▶ What to produce: In the material below, find the line containing "Речевой материал: текст" and output it and all lines after it exactly, through the last one, without the pictures.

Start of Block

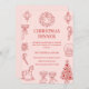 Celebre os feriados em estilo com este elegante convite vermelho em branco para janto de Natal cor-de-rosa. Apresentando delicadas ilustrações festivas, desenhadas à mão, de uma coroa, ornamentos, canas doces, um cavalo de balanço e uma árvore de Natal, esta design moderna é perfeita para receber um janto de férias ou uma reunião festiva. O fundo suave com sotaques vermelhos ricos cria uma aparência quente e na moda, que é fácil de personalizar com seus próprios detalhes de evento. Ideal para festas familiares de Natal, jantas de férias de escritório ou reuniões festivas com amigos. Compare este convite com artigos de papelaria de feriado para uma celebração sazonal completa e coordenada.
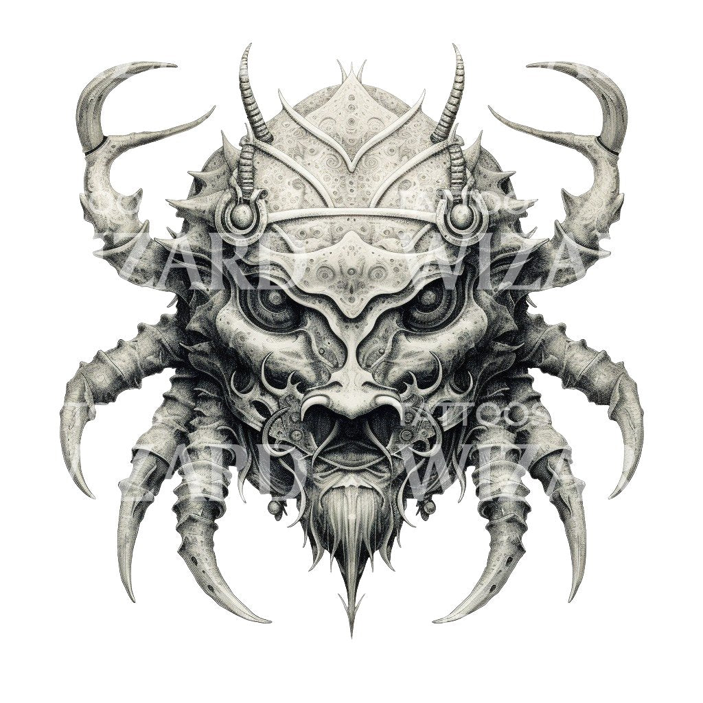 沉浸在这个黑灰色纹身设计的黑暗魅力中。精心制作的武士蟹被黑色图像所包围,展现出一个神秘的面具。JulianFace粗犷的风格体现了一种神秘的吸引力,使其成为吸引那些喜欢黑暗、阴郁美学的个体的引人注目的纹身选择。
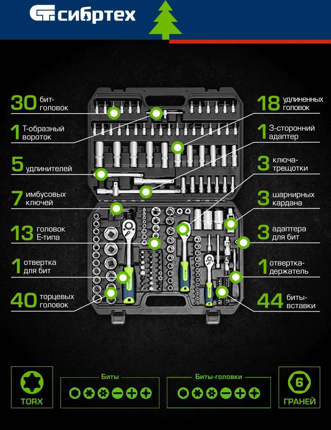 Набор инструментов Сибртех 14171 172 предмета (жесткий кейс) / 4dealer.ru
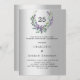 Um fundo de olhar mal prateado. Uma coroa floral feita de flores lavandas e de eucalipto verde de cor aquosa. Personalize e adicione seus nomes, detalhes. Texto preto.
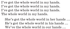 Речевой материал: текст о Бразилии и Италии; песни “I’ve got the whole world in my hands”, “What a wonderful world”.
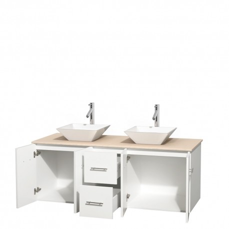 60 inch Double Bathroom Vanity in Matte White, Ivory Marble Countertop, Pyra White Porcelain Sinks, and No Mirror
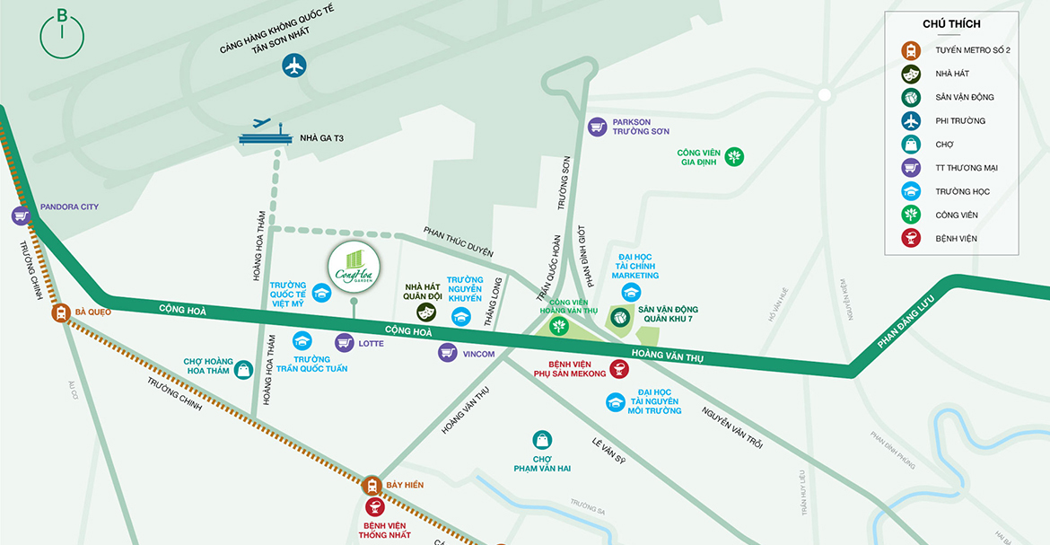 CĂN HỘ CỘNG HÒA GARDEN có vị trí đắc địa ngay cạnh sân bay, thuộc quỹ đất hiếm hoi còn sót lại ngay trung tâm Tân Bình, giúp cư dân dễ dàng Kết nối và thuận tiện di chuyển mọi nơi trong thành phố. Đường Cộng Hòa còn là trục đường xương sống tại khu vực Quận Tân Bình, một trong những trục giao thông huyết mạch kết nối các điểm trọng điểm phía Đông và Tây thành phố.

End of Block

▶ Task output:
 Речевой материал: текст о Бразилии и Италии; песни “I’ve got the whole world in my hands”, “What a wonderful world”.
 60 inch Double Bathroom Vanity in Matte White, Ivory Marble Countertop, Pyra White Porcelain Sinks, and No Mirror
 CĂN HỘ CỘNG HÒA GARDEN có vị trí đắc địa ngay cạnh sân bay, thuộc quỹ đất hiếm hoi còn sót lại ngay trung tâm Tân Bình, giúp cư dân dễ dàng Kết nối và thuận tiện di chuyển mọi nơi trong thành phố. Đường Cộng Hòa còn là trục đường xương sống tại khu vực Quận Tân Bình, một trong những trục giao thông huyết mạch kết nối các điểm trọng điểm phía Đông và Tây thành phố.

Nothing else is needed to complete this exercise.